<<<<

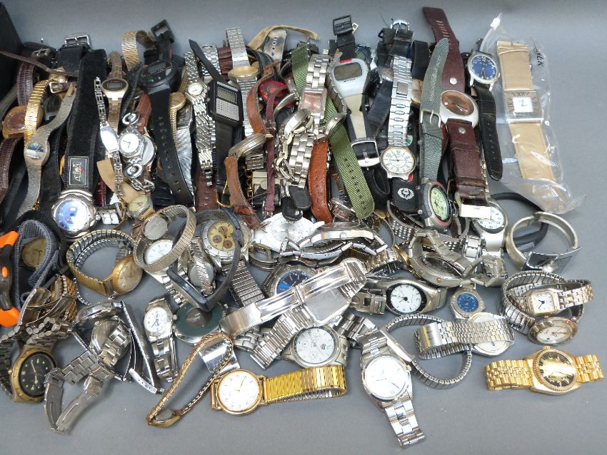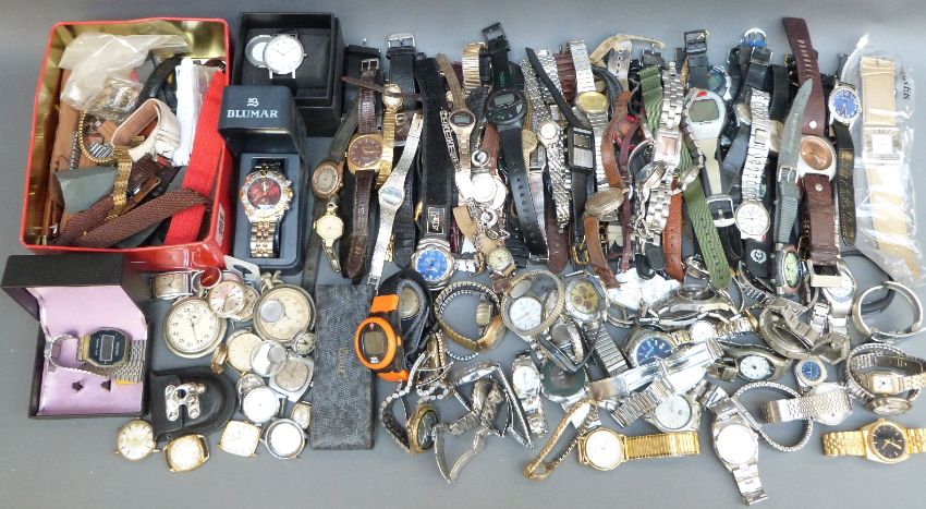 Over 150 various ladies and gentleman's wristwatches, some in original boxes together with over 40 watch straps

>>>>
<<<<

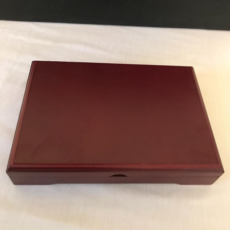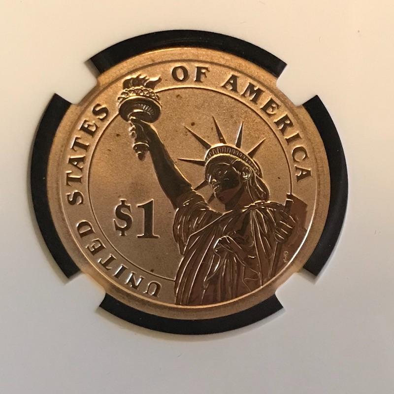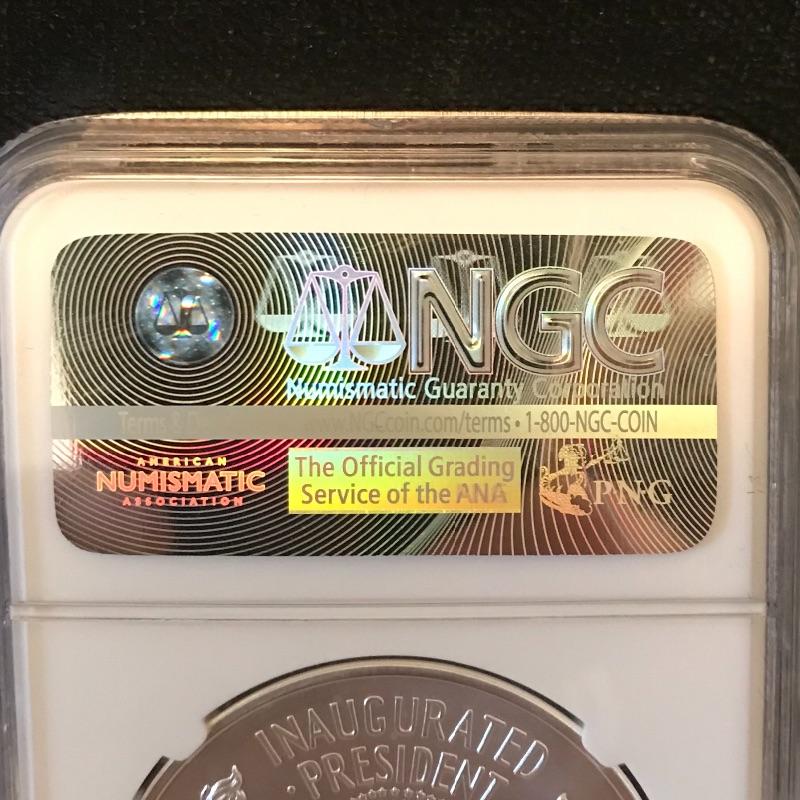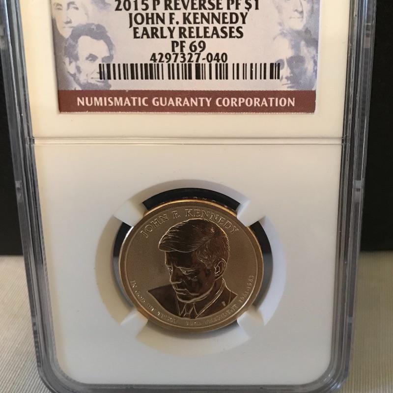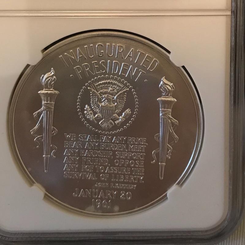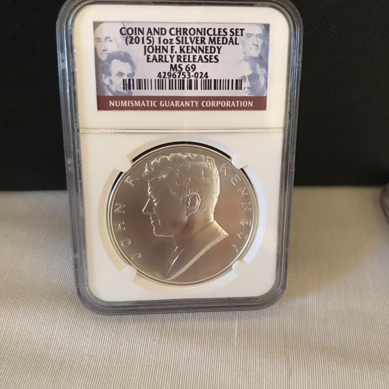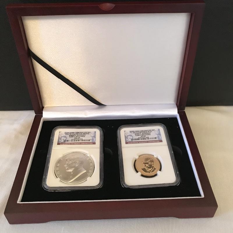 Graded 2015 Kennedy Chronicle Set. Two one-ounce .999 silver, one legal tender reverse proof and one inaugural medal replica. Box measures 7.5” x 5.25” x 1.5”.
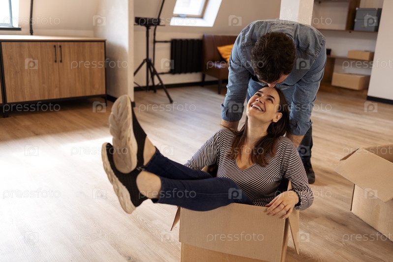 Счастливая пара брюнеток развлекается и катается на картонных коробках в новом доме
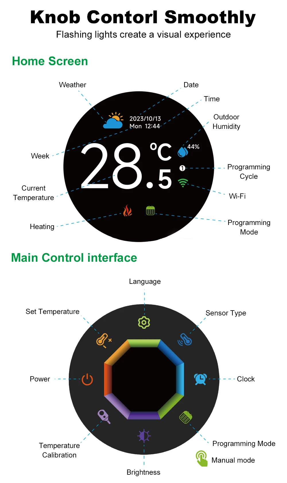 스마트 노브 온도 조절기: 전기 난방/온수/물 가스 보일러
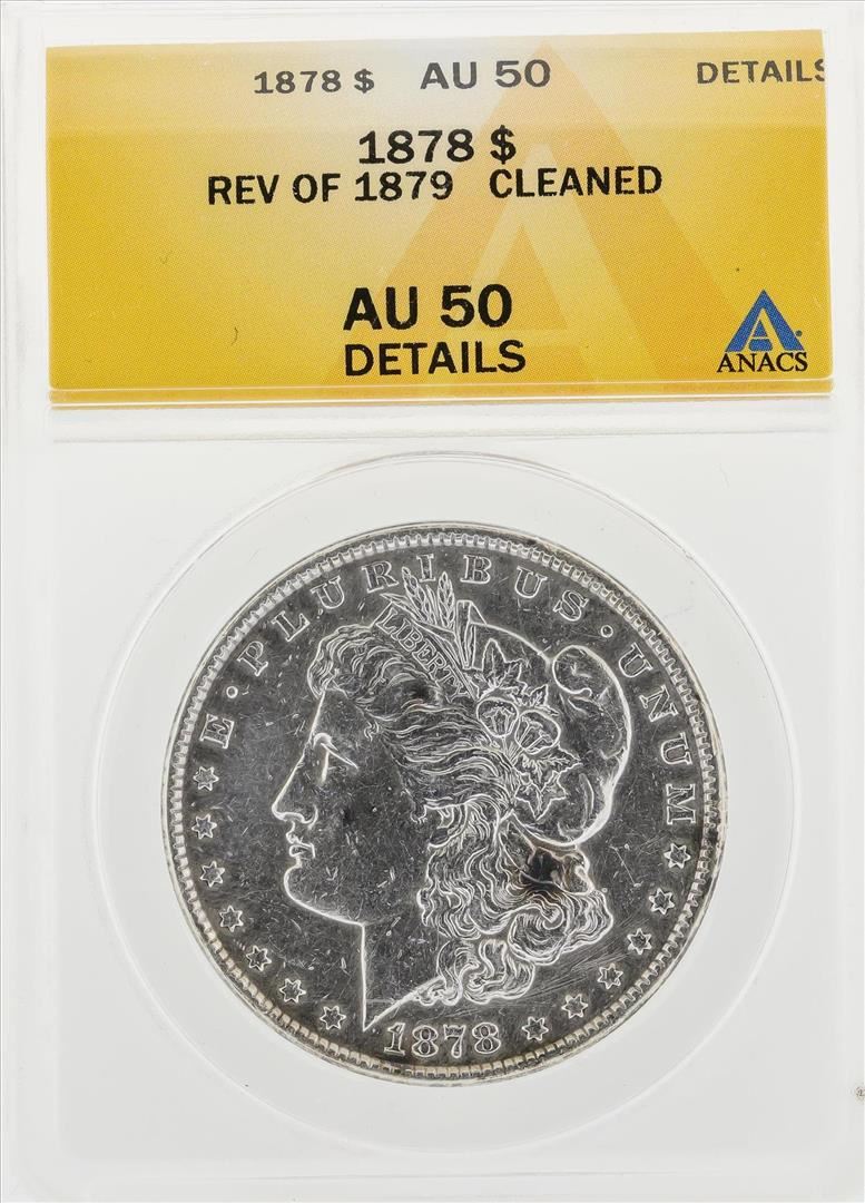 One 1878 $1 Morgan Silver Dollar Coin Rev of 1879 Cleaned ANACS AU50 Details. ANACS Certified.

>>>>
<<<<

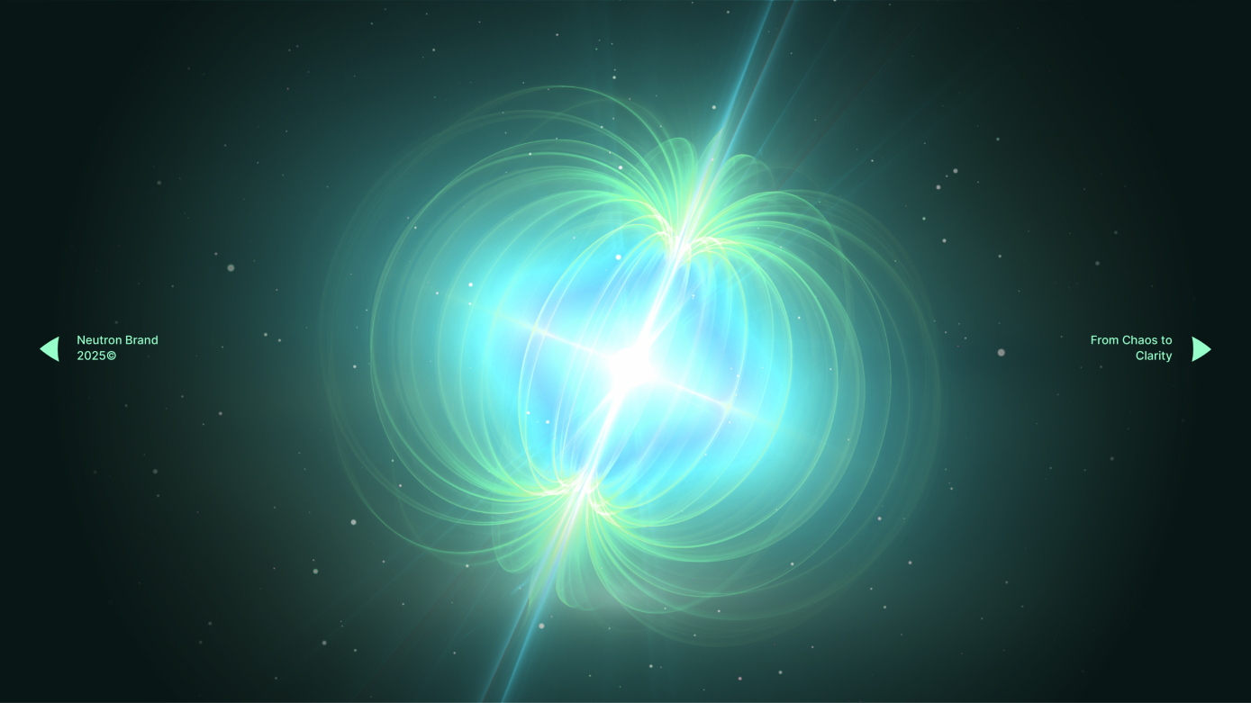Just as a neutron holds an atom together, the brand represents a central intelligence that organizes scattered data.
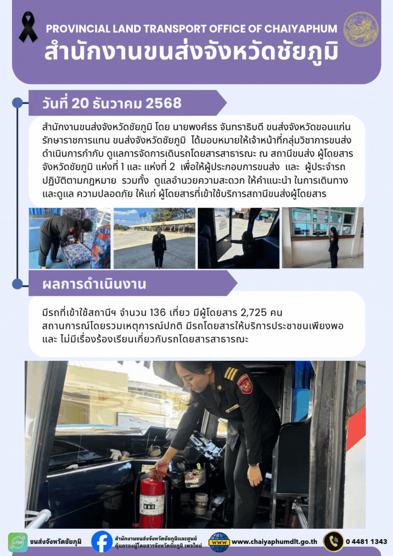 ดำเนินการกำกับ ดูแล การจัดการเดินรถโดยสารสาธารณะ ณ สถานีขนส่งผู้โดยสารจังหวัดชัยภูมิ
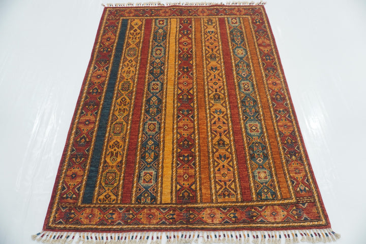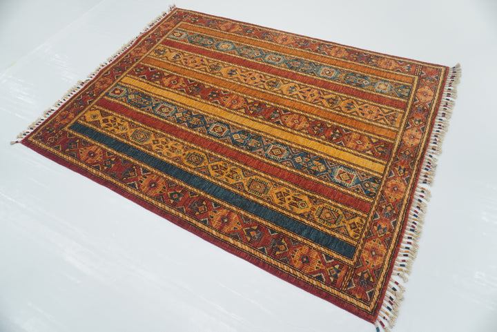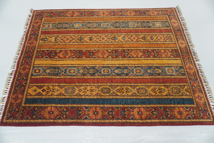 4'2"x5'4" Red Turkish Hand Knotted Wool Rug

>>>>

WHAT IS REQUIRED:
Above are records; repeat only the lines from the line with "Just as a neutron" through the line with "Knotted Wool Rug", and leave pictures out.

SOLUTION TO THE PROBLEM:
Just as a neutron holds an atom together, the brand represents a central intelligence that organizes scattered data.
 ดำเนินการกำกับ ดูแล การจัดการเดินรถโดยสารสาธารณะ ณ สถานีขนส่งผู้โดยสารจังหวัดชัยภูมิ
 4'2"x5'4" Red Turkish Hand Knotted Wool Rug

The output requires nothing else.